Недавно к нам приезжал известный в ту пору московский поэт. Горы... Степи... Горячее, слепяще-синее небо... Домбра... Кумыс... Бешбармак... На прощание он написал у себя в гостинице стихи о легендарном батыре, поэте и воине, который погибает, сражаясь за свободу, но стрела, пущенная из его лука, летит и летит – сквозь пространство и время... Поэт пришел к нам в редакцию, принес несколько свеженаписанных стихотворений, в том числе и о батыре Махамбете, а в сейфе у Старика отыскалась бутылочка отличного дагестанского коньяка, и мы выпили – за поэта, за его стихи, за литературу, которая несмотря ни на что существует и умеет сказать правду, понятную другу-читателю... Выпили мы и за «Стрелу Махамбета», тут же коллективно придумав стихотворению это название и клятвенно пообещав поставить его в ближайший номер...

– Так что станем делать?.. – нетерпеливо спросил Главный, пробарабанив по столу «Турецкий марш» Моцарта, как это с ним случалось в минуты особого волнения.

– А ничего... – прервал томительное молчание глуховатый голос Реброва. – Ничего не надо делать...

– Что же, пускай разгоняют журнал?

– Все равно когда-нибудь этим кончится...

– Может быть, и не «когда-нибудь», а именно теперь, – сказал Адриан. – Больно уж повод удобный. Стрела летит, а в кого она метит?..

– В кого же?..

– То-то и есть – «в кого»... Думай, как хочешь... Это и называется «неуправляемый подтекст»...

Вероятно, не я один вспомнил в тот момент о «Новом мире», о Твардовском, изгнанном из своего журнала, о том, что теперь, после чешских событий, перетряхивают все редакции, наступает и наш черед...

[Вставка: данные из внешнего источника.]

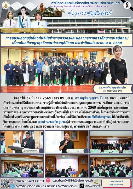 พิธีเปิดการอบรมความรู้เกี่ยวกับวินัยข้าราชการครูและบุคลากรทางการศึกษาและคดีความเกี่ยวกับคดีอาญาทุจริตและประพฤติมิชอบ ประจำปีงบประมาณ พ.ศ. 2569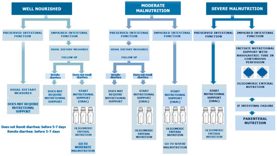 With these two aspects evaluated, we could encounter a case within the most advantageous diagnosis of a well-nourished patient without diarrhea, in which only regular dietary measures to prevent the risk of malnutrition would be necessary. On the opposite side of the spectrum, we would find a patient with severe malnutrition and diarrhea, where a nutritional treatment using exclusive enteral nutrition with an oligomeric formula would be required. Thus, the therapeutic possibilities will vary from less to more complexes, depending upon the patient’s initial nutritional situation and the existence of OTRD. These courses of treatment will range from the usual dietary recommendations, to supplementation with oral oligomeric enteral nutrition, complete enteral nutrition with oligomeric formula and then to finally total parenteral nutrition.
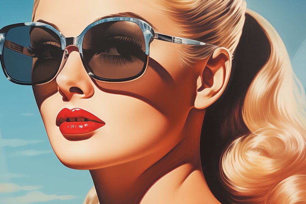 Filmplakat aus den 1950er Jahren, das eine schöne 40-jährige blonde Frau mit Sonnenbrille und Pferdeschwanz im Retro-Vintage-Kunststil zeigt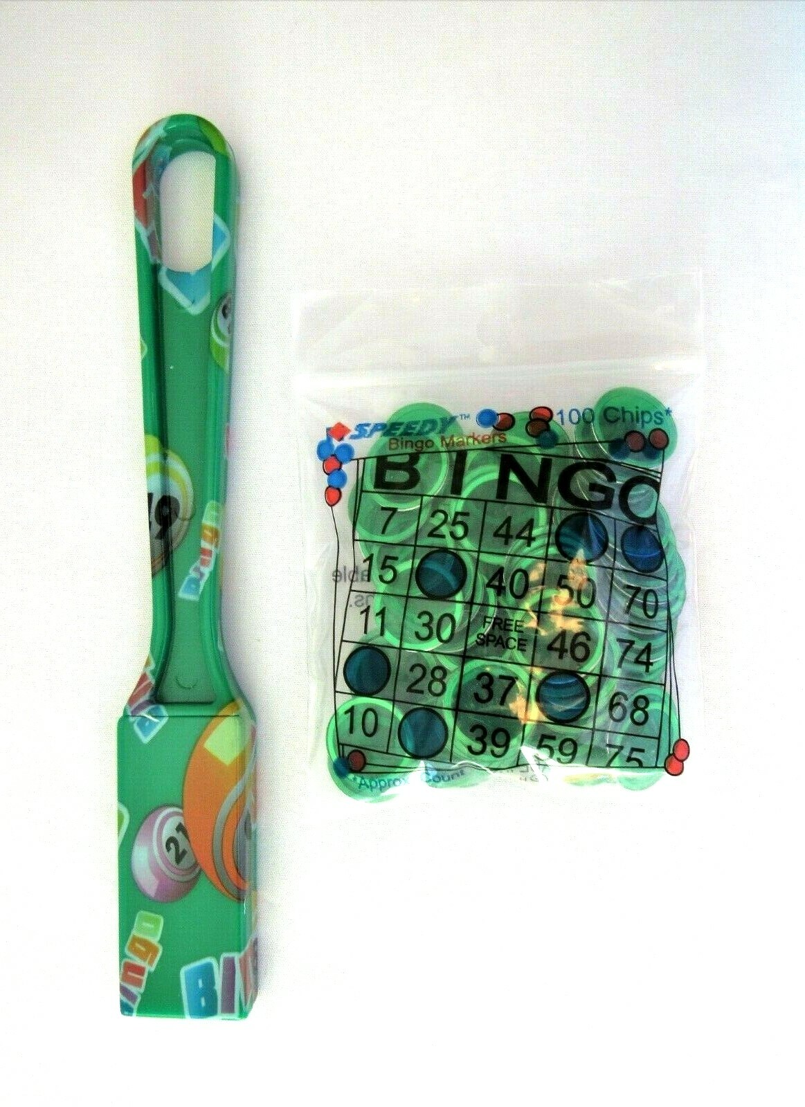 Bingo Green Magnetic Wand with 100 Chips Bingo Ball Design Quick Pick-Up New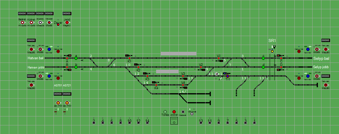 | Biztosító- és jelzőberendezések: | Kép letöltése A TerVez2 Vasútforgalmi Szimulátorban megvalósított állomások eltéréseket mutathatnak a valós állomáshoz képest. |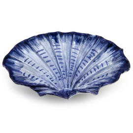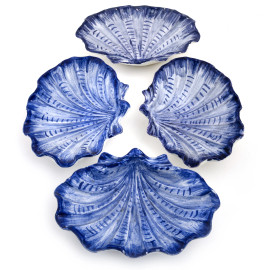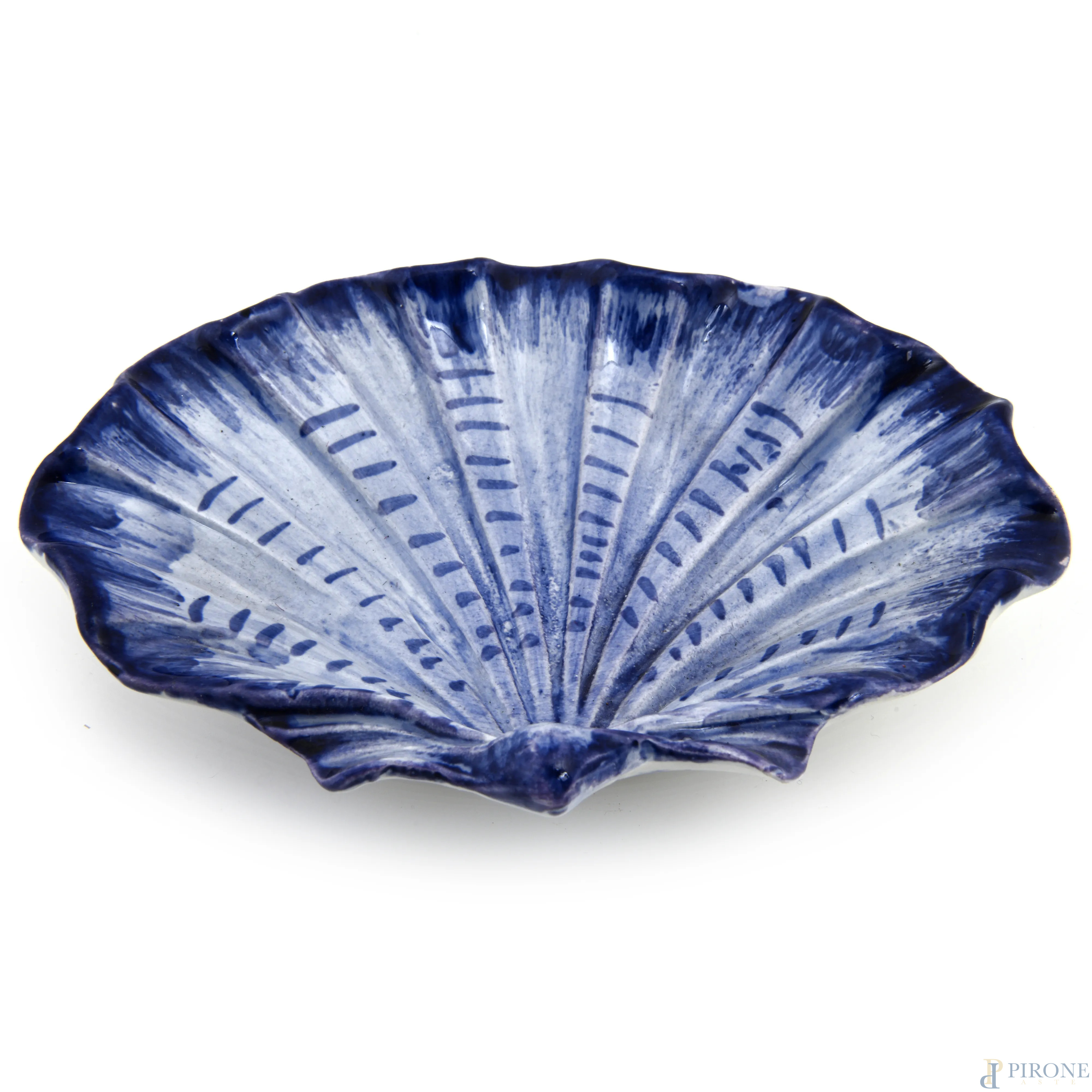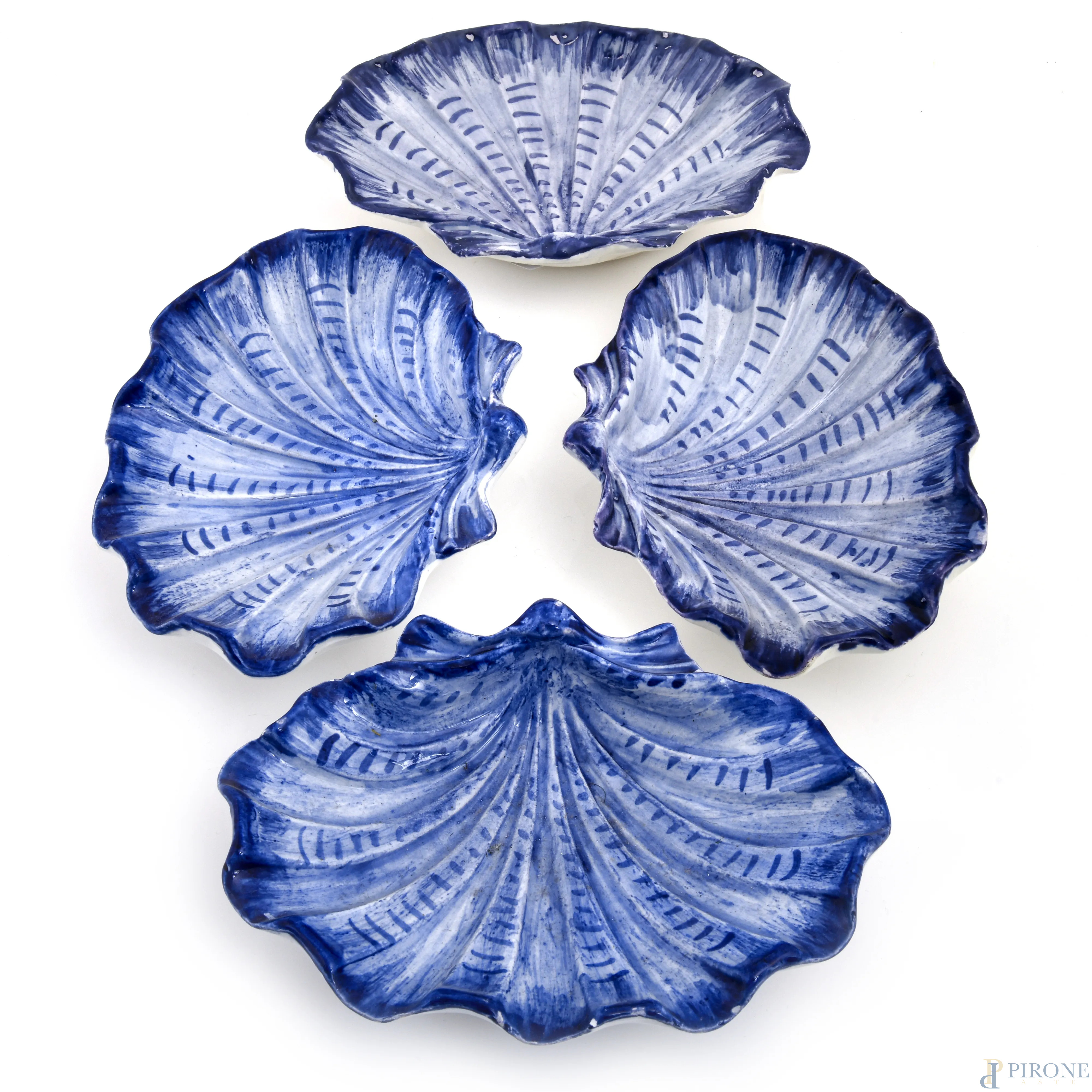Lotto di quattro piattini da antipasto in porcellana a foggia di conchiglia nei toni del blu, XX secolo, cm 3,5x15,5x11, (segni di usura, scalfiture, difetti)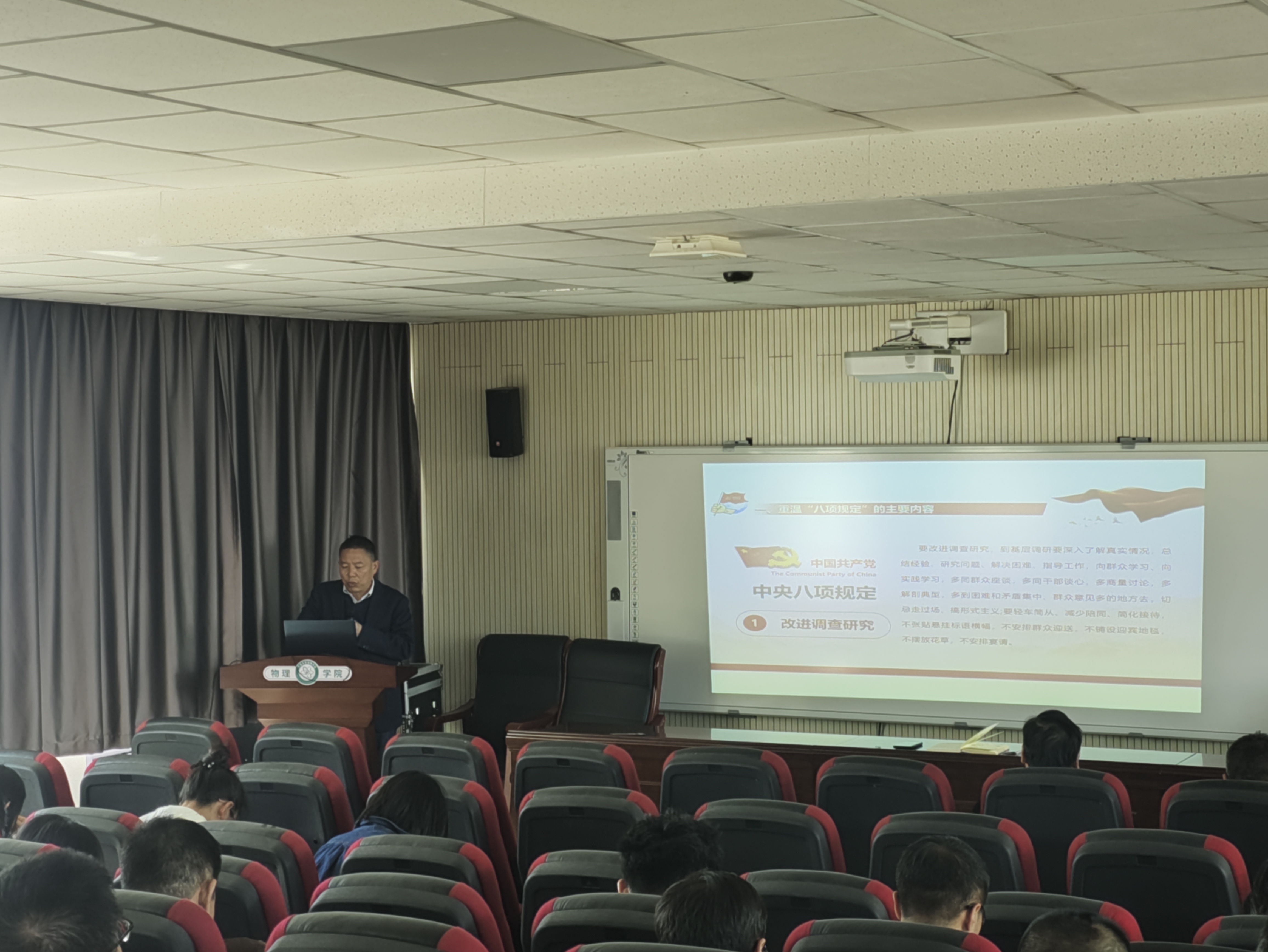 为深入贯彻落实全面从严治党要求,进一步增强全院教师的纪律意识和规矩意识,2025年5月14日,365英国上市公司在博远楼321会议室召开全院教师大会,公司应用物理教工党支部书记刘会龙以“锲而不舍落实中央八项规定精神”为主题,为全体党员教师上了一堂深刻的党课。刘会龙书记在党课中系统解读了中央八项规定精神的核心要义与实践要求。他结合习近平总书记在《求是》杂志发表的重要文章《锲而不舍落实中央八项规定精神,以优良党风引领社风民风》,强调作风建设是全面从严治党的重要切入点,必须常抓不懈、久久为功。中央八项规定不是一阵风,而是新时代全面从严治党的徙木立信之举,全体党员教师要深刻认识作风问题的本质是党性问题,始终保持赶考的清醒,以优良党风带动师德师风建设。此次党课引发了全体教师的强烈共鸣。与会教师纷纷表示,将以此次学习为契机,自觉对标对表,把纪律规矩挺在前面,做到心有所畏、言有所戒、行有所止
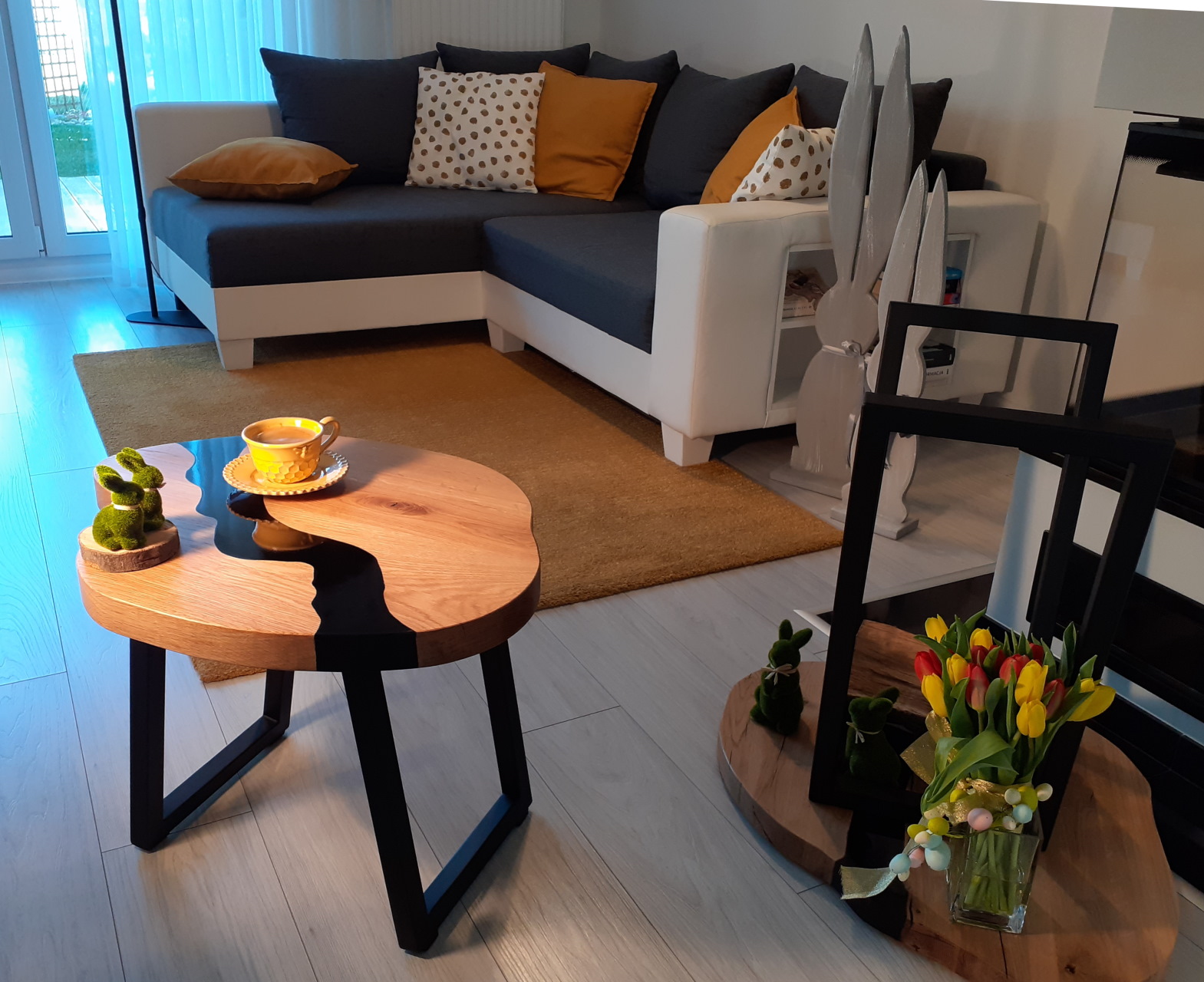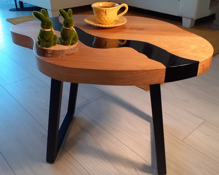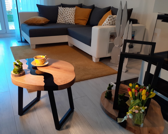Nie boimy się nietypowych form - drewno łączymy z żywicą, podkreślając w ten sposób usłojenie deski.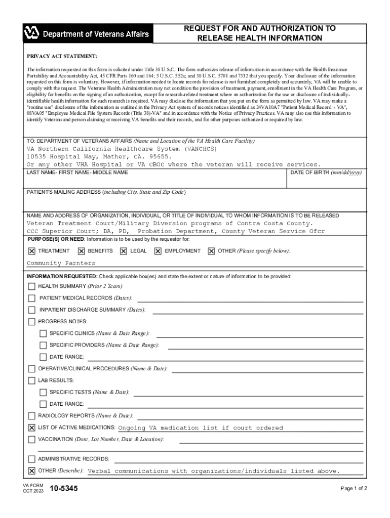 Veterans who wish to obtain or authorize the sharing of their medical records must fill out VA Form 10-5345. Eligibility extends to not only veterans themselves but also their families and authorized representatives who are assisting them in managing their care. The scenarios that warrant the completion of this form include transitioning to a new healthcare provider, seeking specialist care, or obtaining results from recent medical procedures.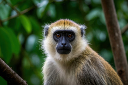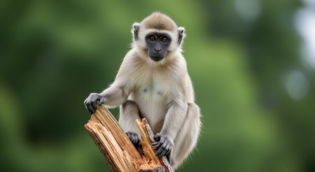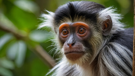 Adorable monkey with bright eyes and fluffy fur, showing curiosity and playfulness while resting in a lush green habitat.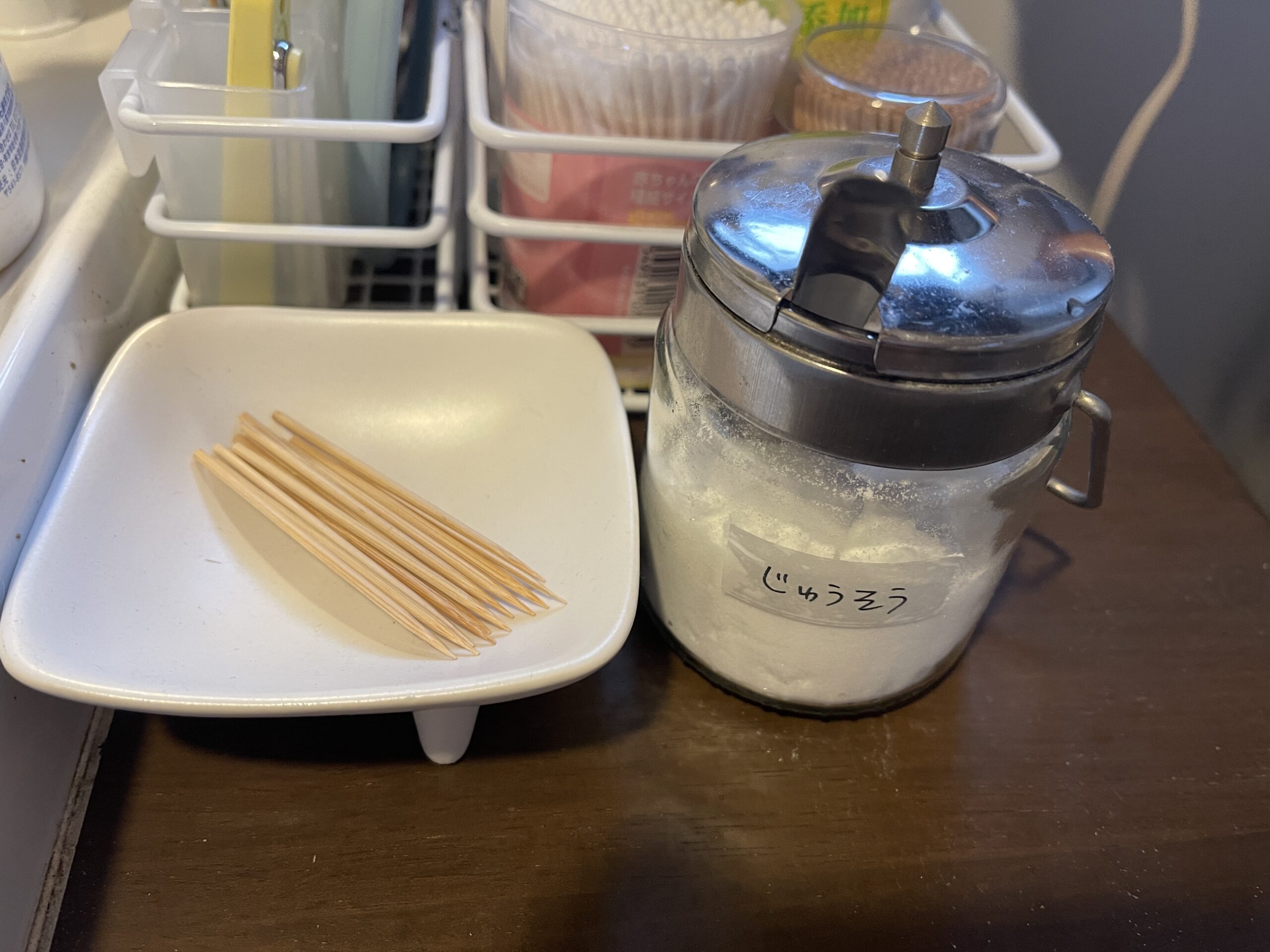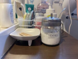 うちの洗面所には、一般的な歯磨き粉(夫用)と、食品グレードの重曹と竹爪楊枝の2種類の歯磨きグッズが置いてあります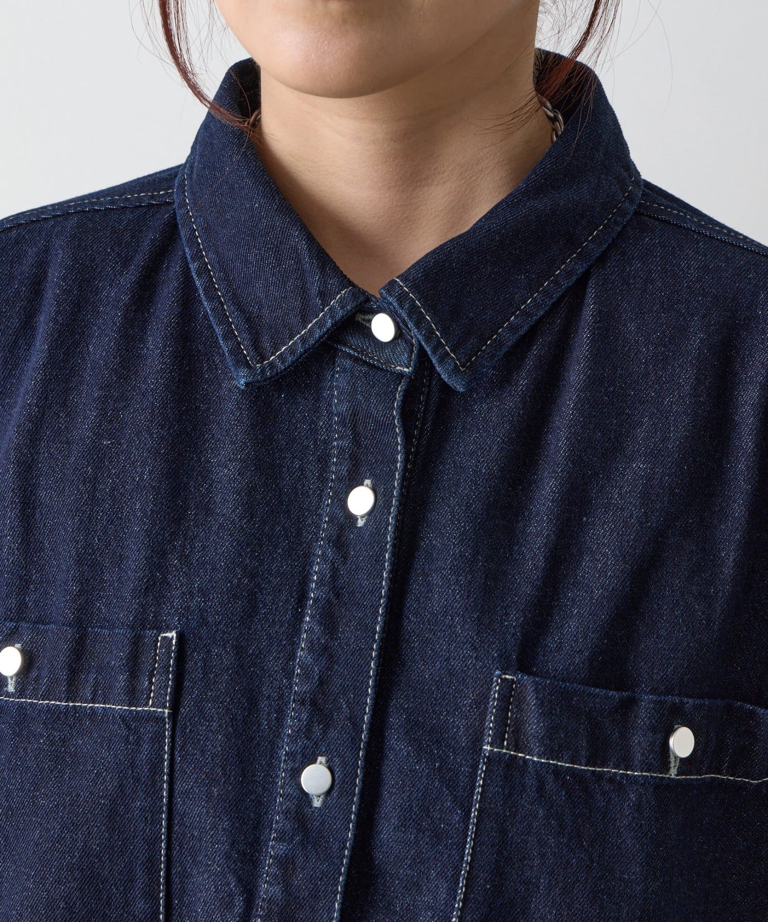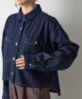 デニム素材でありながら、軽やかでしなやかな着心地が魅力の8ozデニムクロップドシャツです。

– Какой же ты предлагаешь выход? – спросил Адриана Пыжов, наш редакционный критик. – Говори, не темни... – Плечистый крепыш, круглоголовый, плотно, по-крестьянски сложенный, он не терпел пустых разговоров.

– Давай, Адриан, выкладывай, не тяни, – поддержали его Иван Дроздов (проза) и Никитин (публицистика).

Все были уверены, что у Адриана, как обычно, уже выработан какой-то спасительный план, хотя он не торопится его раскрыть.

– Пожалуйста, Адриан, – сказал Иван Петрович. – Мы слушаем...

Адриан откашлялся, но не произнес ни слова.

– Так что же вы?.. – требовательным и вместе с тем заискивающим голосом проговорила Екатерина Владимировна, зам. главного, единственная женщина в нашей редакции. – Ведь вы наверняка что-то наметили... – У нее было немолодое, но все еще красивое лицо, черные волосы, густые брови, горячие карие глаза. Когда нашего Старика вызывали «на ковер», она шла вместо него, смущая наших «опекунов» – кого до дерзости прямым взглядом, кого лучезарной улыбкой. Она и сейчас улыбалась Адриану, но улыбка у нее получалась напряженной, натужной..

– Хорошо, я скажу, – выдержав долгую паузу, произнес Адриан, как бы преодолевая себя. – Все, что мы можем, это произвести выдерку.

– Выдерку?..

– Что это значит?..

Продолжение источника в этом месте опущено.